Forgive me in advance but this post will seem a little random around the edges. When I write about mental health, I usually let what I feel run more freely, to better express life with it. And right now, I feel pretty confused, so the following might seem equally so.
I’ve been without a job for what? About 3 months now I think. I ended my last full-time job at around September start, and have yet to find any other permanent employment since then. I sincerely cannot stand the idea of working again, at least, not so soon. Supposedly, I’m having a burnout, but it can’t be help that I feel entirely useless at this stage in life. Before I finished my military conscription, my psychiatrist had told me that I should take at least 6 months to rest up from my mental breakdown before going back to work. Being the stubborn ass that I am though, I found a job within a week of leaving the army and paid the price for it with another stressful meltdown.
Despite all this, knowing that my current break from stressful work or studies is crucial for my recovery, I still can’t see myself as anything else but a failure. My parents are constantly nagging me about finding a job or continuing my education, as they do not fully understand my condition despite my attempts are telling them. And despite the fact that I have a considerable amount of cash saved up for a rainy day like this, I still worry about my finances. And also, there’s this writing thing.
Last month, 139: In Evening nearly made it to JP30 in the charts. I say nearly, because at the last moment of the last day, we lost by two votes. I was quite excited that I made it into the top 50 of the month, and did not expect that losing the JP30 spot would hit me quite as hard. But it did. In fact, it brought me to tears. Don’t get me wrong, I’m still incredibly honoured to have made it to the 50 list. But it made me think long and hard about my choices in life, and the impact all of my hard work in writing might have brought, and is making me reconsider my future as a writer.
This rest period has been a really bitter-sweet moment of respite and self reflection. And I’m not sure if such an experience is only possible for those recovering from mental breakdowns, or more akin to the general populace. But admittedly, the mental breakdown part have been a huge struggle to overcome. Even now, I still fear and worry of a relapse if I were to start full-time work again. When I’m not experiencing mania and am clear of head, I still shudder at the idea of taking a leap of faith with my writing works. I fear the possible failure at attempting self publication, and also fear the The Number 139 would not live up to my expectation and fall, just as most, if not, all of my other works had done so far.
I have serious considerations for stopping writing after The Number 139 ends and just getting a standard 9 to 5 work and play games in my free time. Authors like Ryan Watt (@
A lot of writing buddies of mine have asked why I continue to write. And I always reply that it is out of respect to my stories and the characters, and because of my love for them. I do not want to stop a story until I have seen the last period on the page. But then, my reasons for starting a story is entirely different. I start one with the concept of change. When a person reads it, I want to invoke a sense of change for the better in them, and in turn, make the world a slightly better place to live in. But I’m starting to wonder if such a morally wishy washy concept is a fit for this world.

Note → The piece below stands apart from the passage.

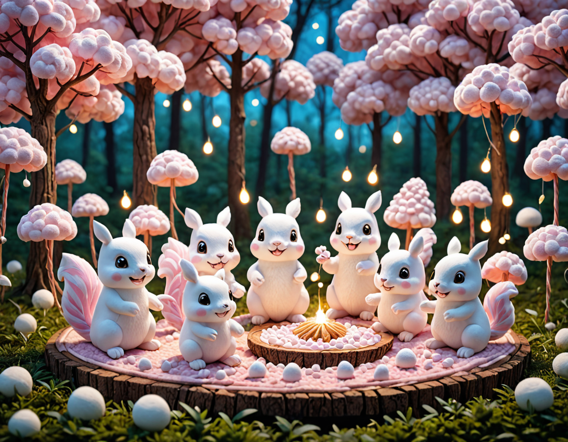 DJ squirrels at a rave BREAK anime artwork professional 3d model I've created a whimsical digital art scene for you. Imagine a world crafted entirely from fluffy, soft marshmallowss <lora:The_world__marshmallows:1><lora:add-detail-xl:1>

I’m not sure if I’ve said this before, but 139: In Evening literally saved my life. I started it at the pit of my previous depression and perhaps continued to live because I wanted to see it succeed. I would probably be dead without it. But now, life is coming to a head. Unlike in the states, Singapore’s average work hours is 44 hours long. Minimally. 48 max, not including the overtime that is ‘expected’ in our jobs. Most of which can be unpaid if the employers deem it so. And with the unions under the same control of the same bosses, work-life balance becomes next to impossible to gain, and I might have to settle for the prospect of not being able to write again in the future. And not to mention having a much higher rate of a relapse to depression.
In retrospect, this post might be a little too random. I’m just blurting out whatever is on my mind at this point. I’ll stop here, less I start sharing uncomfortable details about my masturbation habit. But generally, this is how it feels to live after death. Confused, scared, and as lost as your socks in the dryer.